:: What the exercise asks ::
Would you give the listing again exactly, without its images?

:: Material provided ::
____________

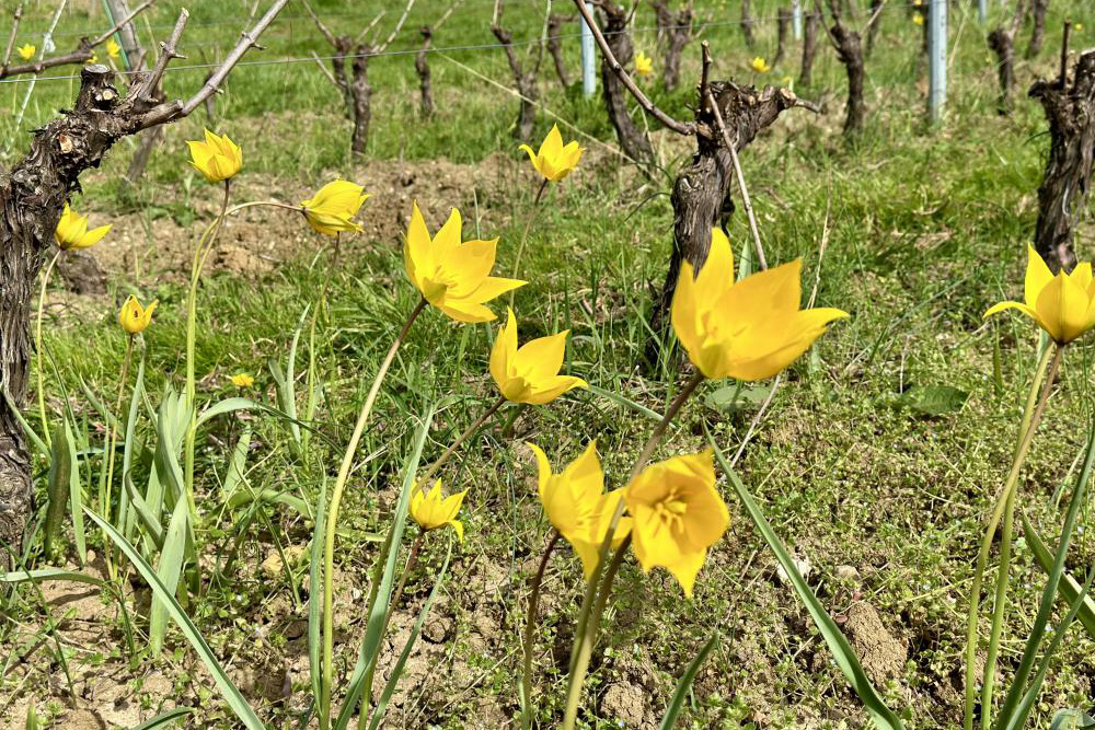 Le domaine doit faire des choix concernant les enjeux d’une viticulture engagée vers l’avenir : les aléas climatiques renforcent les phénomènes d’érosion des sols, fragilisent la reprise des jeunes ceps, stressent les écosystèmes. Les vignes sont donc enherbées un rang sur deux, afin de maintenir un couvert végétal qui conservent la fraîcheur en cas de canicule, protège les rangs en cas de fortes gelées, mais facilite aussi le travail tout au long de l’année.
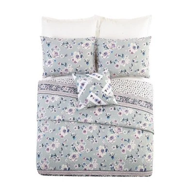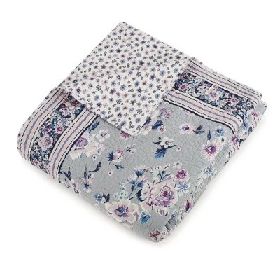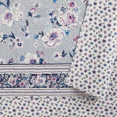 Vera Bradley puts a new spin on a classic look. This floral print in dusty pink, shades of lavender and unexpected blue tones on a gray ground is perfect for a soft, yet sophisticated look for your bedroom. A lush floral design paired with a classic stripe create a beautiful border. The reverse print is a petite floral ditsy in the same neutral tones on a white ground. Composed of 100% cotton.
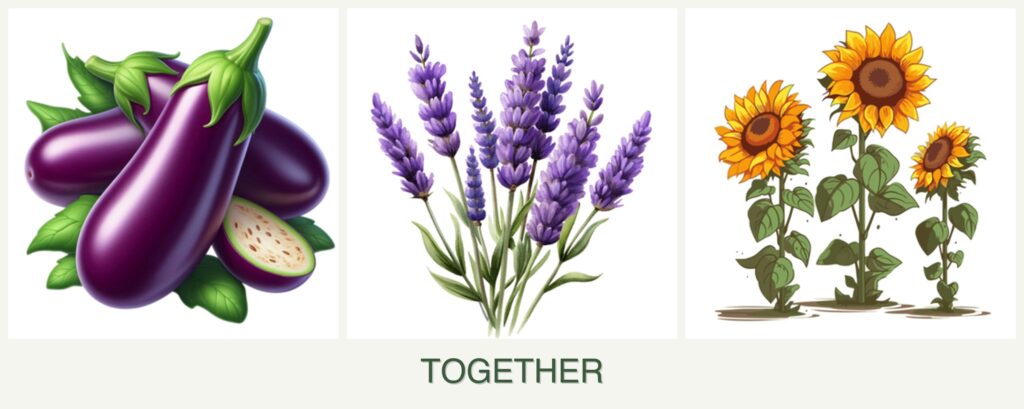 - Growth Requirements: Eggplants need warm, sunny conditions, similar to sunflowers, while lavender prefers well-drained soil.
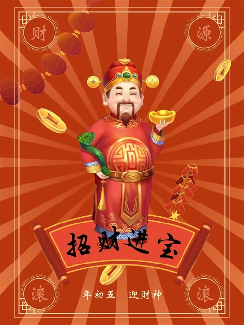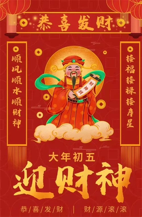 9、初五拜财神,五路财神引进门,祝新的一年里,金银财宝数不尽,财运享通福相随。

____________

:: Solution to this task ::
 Le domaine doit faire des choix concernant les enjeux d’une viticulture engagée vers l’avenir : les aléas climatiques renforcent les phénomènes d’érosion des sols, fragilisent la reprise des jeunes ceps, stressent les écosystèmes. Les vignes sont donc enherbées un rang sur deux, afin de maintenir un couvert végétal qui conservent la fraîcheur en cas de canicule, protège les rangs en cas de fortes gelées, mais facilite aussi le travail tout au long de l’année.
 Vera Bradley puts a new spin on a classic look. This floral print in dusty pink, shades of lavender and unexpected blue tones on a gray ground is perfect for a soft, yet sophisticated look for your bedroom. A lush floral design paired with a classic stripe create a beautiful border. The reverse print is a petite floral ditsy in the same neutral tones on a white ground. Composed of 100% cotton.
 - Growth Requirements: Eggplants need warm, sunny conditions, similar to sunflowers, while lavender prefers well-drained soil.
 9、初五拜财神,五路财神引进门,祝新的一年里,金银财宝数不尽,财运享通福相随。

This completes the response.